The Courier & Advertiser (Fife Edition)
Romantic honeysuckle scent can help to chase away aggravations of the day
Honeysuckle is quite my favourite wild flower and for the last month it has lit up the hedgerows with its colourful blossom. It has the most romantic scent I know and I take bunches home for the Doyenne. In the evenings when the air is slightly damp its scent fills our sitting room.
Hamish and I take a last walk each night past a beech hedge with honeysuckle growing through it and its dreamy fragrance chases away the aggravations of the day. It will be coming to an end soon but I’ll have the memory of it until next year.
For me July is the most plentiful and productive month. The tallest wild flowers like frothy, cream-white meadowsweet and cow parsley or Queen Anne’s lace dominate the countryside, crowding out the modest red and white campion and blue tufted vetch and yellow meadow vetch, and lots more which struggle to get noticed.
Thirty years ago there was a scheme to rid our countryside of giant hogweed which was introduced to the UK as an ornamental plant. It may look like outsized fool’s parsley but it is a nasty, invasive weed. Its hollow stem has a toxic sap causing blistering if you get it on your skin.
I notice it growing in some profusion alongside the road running from Upper Northwaterbridge past the Stone of Morphie to Marykirk.
Pink spears of rose-bay willow-herb colonise forest clearances with their windblown seeds on feathery sails.
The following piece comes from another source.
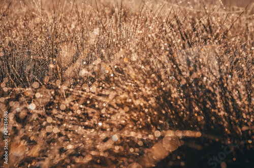 © kovop58, Obraz premium Rain drops in Grass. Spring or summer season abstract nature

Tall, handsome foxgloves grow along the roadsides and in open woodland – mostly pink, sometimes white and very occasionally I’ve come across a yellow flowering one. The gales earlier in the year, which felled so many trees, have opened up large parts of woodland and I expect to see an even better showing next year.
I recently picked up a little book I’ve wanted for years. The Historical Guide To The Edzell & Glenesk Districts published by DH Edwards, Brechin, around 1893 is a mine of information about the locality I grew up in. It’s a lot more long-winded than its modern counterpart would be but it’s packed with anecdotes and history.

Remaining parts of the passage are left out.